#### SUPPLIED INFORMATION ####
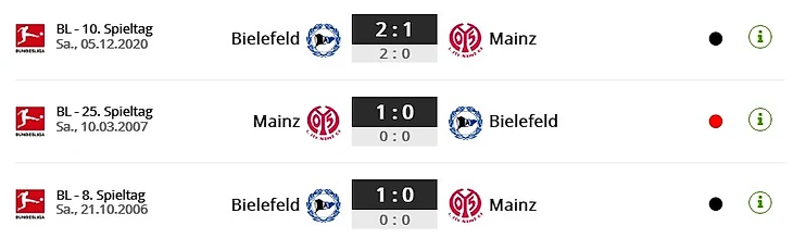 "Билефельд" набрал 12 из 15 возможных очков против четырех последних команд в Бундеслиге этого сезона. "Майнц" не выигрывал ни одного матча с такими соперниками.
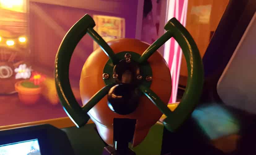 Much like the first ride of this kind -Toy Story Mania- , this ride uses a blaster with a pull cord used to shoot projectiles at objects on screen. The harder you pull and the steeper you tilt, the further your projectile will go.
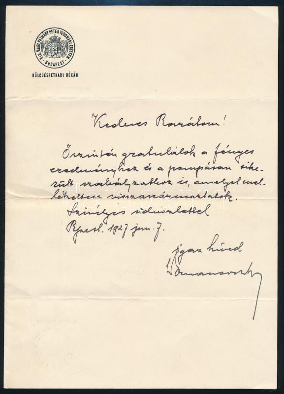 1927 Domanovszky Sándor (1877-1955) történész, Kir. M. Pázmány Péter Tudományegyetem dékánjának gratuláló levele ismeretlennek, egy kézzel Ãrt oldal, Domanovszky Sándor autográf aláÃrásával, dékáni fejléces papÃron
####
#### SUPPLIED INFORMATION ####
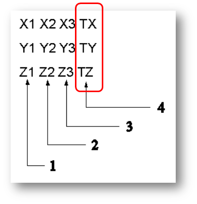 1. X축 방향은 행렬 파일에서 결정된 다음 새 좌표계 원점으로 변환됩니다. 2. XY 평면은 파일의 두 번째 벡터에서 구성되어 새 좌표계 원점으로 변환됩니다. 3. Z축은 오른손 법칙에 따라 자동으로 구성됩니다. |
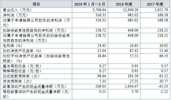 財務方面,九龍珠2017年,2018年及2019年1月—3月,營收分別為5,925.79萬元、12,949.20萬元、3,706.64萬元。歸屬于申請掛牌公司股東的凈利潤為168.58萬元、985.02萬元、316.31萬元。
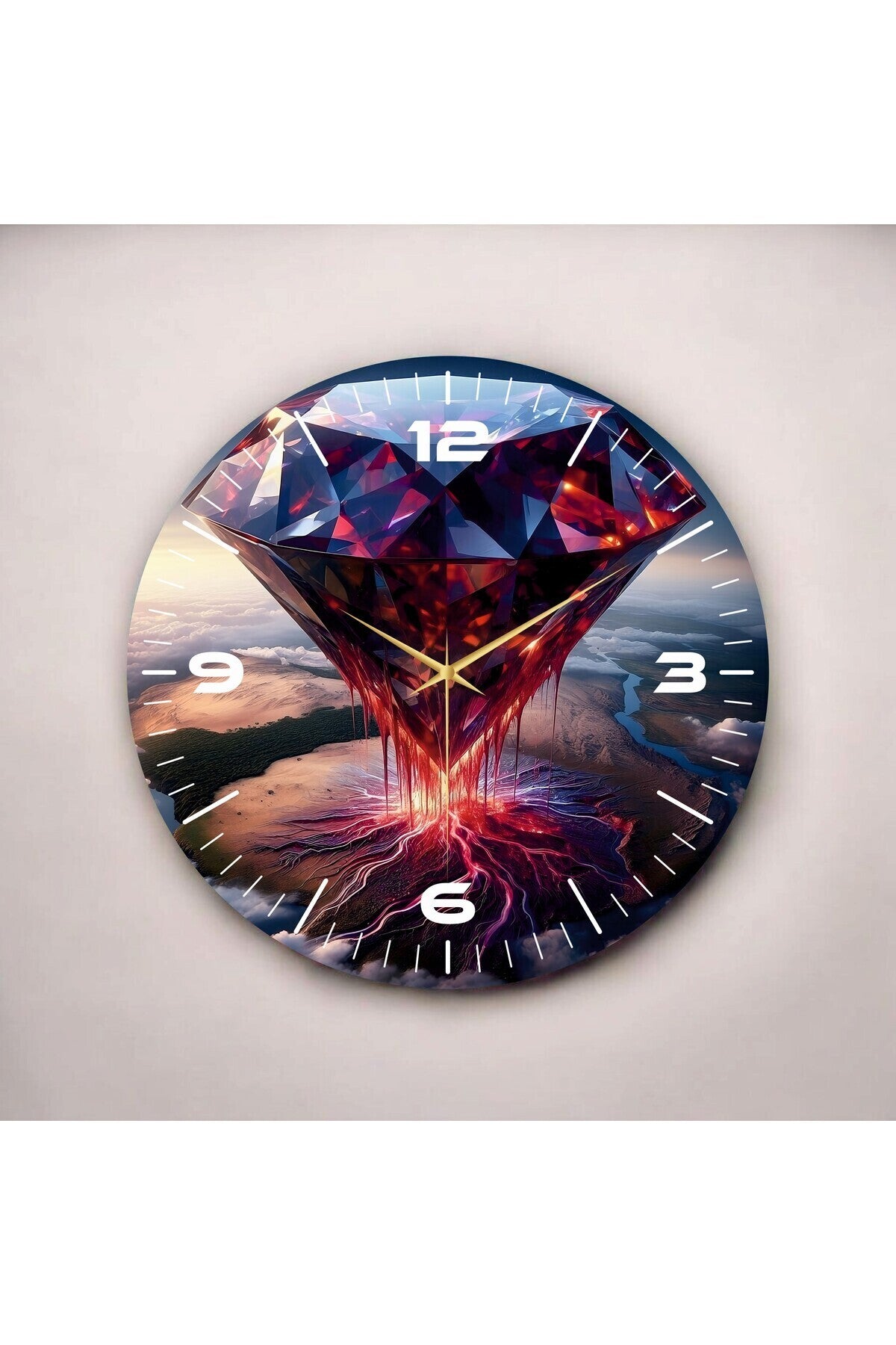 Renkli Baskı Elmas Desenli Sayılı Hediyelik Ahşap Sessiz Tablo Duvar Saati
####
REQUIRED ACTION:
Above are some entries; copy exactly the lines from the line with "財務方面,九龍珠2017年,2018年及" through the line with "Renkli Baskı Elmas", both included, but none of the pictures.

RESPONSE TO THE EXERCISE:
 財務方面,九龍珠2017年,2018年及2019年1月—3月,營收分別為5,925.79萬元、12,949.20萬元、3,706.64萬元。歸屬于申請掛牌公司股東的凈利潤為168.58萬元、985.02萬元、316.31萬元。
 Renkli Baskı Elmas Desenli Sayılı Hediyelik Ahşap Sessiz Tablo Duvar Saati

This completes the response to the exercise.